On 15/08/2023 08:58, Martin Maechler wrote:
Tim Taylor
     on Mon, 14 Aug 2023 12:26:51 +0100 writes:
     > Martin,
     > Thank you. Everything you have written is helpful and I admit I am 
likely guilty of using as.character() instead of format() in the past().

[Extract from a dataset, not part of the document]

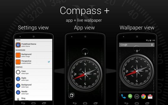 Приложение Компас + живые обои. Стильный аналоговый компас на экране вашего смартфона. Каждый отдельный элемент компаса можно настраивать.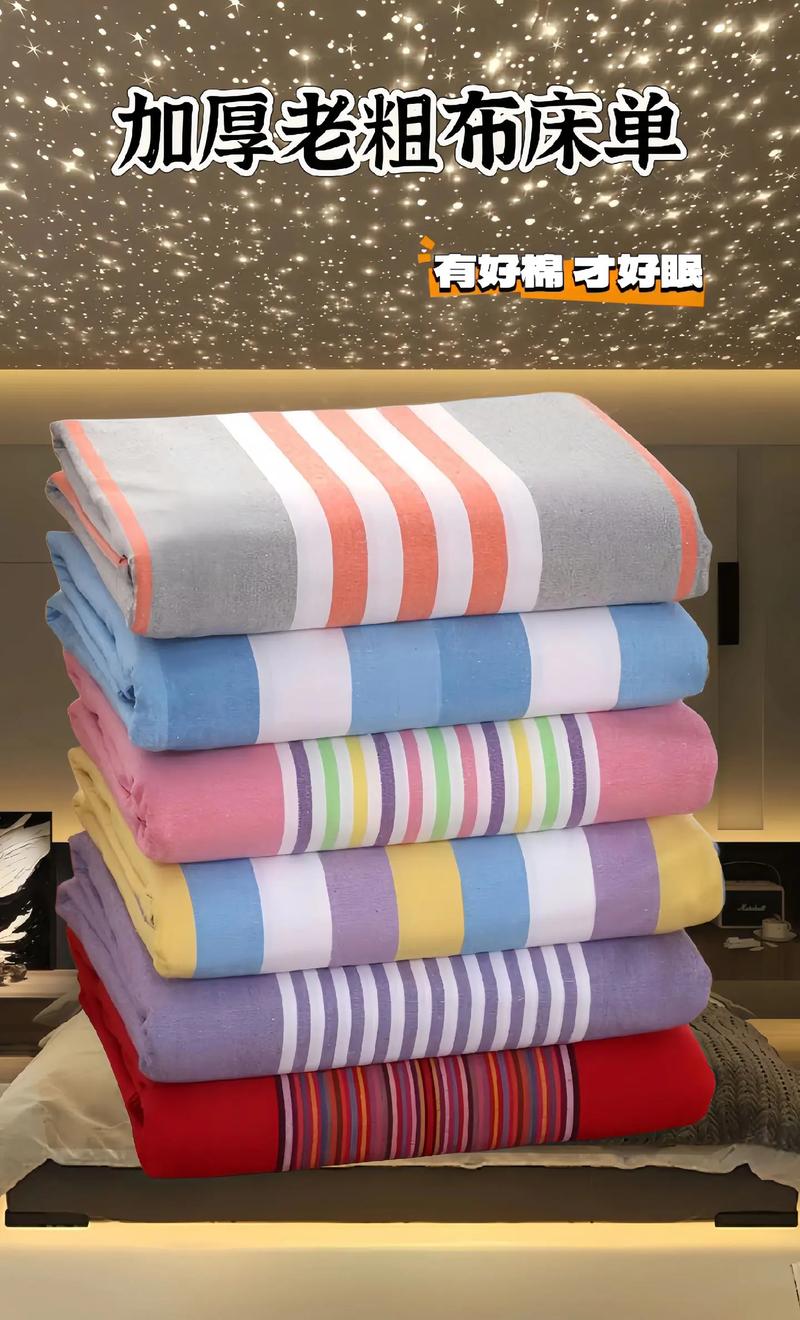 〖Two〗、缺点: 初次使用可能感觉粗糙:由于老粗布床单采用粗纱线织造,初次使用时可能会感觉手感较粗糙,需要经过一段时间的磨合和清洗才能变得更加柔软。 清洗保养需注意:老粗布床单的清洗保养相对其他床品需要更加注意,如水温、浸泡时间、洗涤用品的选取等,否则可能导致褪色或缩水等问题。

     > Ignoring the above though, one thing I’m still unclear on is the special 
handling of zero (or rather non-zero time) seconds in the method. Is the 
motivation that as.character() outputs the minimum necessary information? It is 
clearly a very deliberate choice but the reasoning is still going a little over my 
head.

     > Best
     > Tim

Hmm, I really don't understand what you don't understand.
Here's some annotated R code exemplifying that indeed now,
     as.character(x)[j] === as.character(x[j])
but previously that was not fulfilled  {when  as.character() was
the same as format() for POSIXct or POSIXlt}:

##-----------------------------------------------------------------------------
x0 <- c("1975-01-01 00:00:00", "1975-01-01 15:27:00")
t0 <- as.POSIXct(x0)
str(t0) #  POSIXct[1:2], format: "1975-01-01 00:00:00" "1975-01-01 15:27:00"
t0    #  "1975-01-01 00:00:00 CET" "1975-01-01 15:27:00 CET"
t0[1] #  "1975-01-01 CET" <-- yes, *no* 00:00:00   in no version of R

## In R <= 4.2.x  as.character() was using format() for POSIX{ct,lt} :
as.character(t0)    # "1975-01-01 00:00:00" "1975-01-01 15:27:00" << for R <= 
4.2.x
as.character(t0)    # "1975-01-01"          "1975-01-01 15:27:00" << for R >= 
4.3.0
as.character(t0[1]) # "1975-01-01"  {in all versions of R}


Note that indeed   as.character()  does drop redundant trailing 0s :

   > as.character(c(0.5, 0.75, pi))
   [1] "0.5"              "0.75"             "3.14159265358979"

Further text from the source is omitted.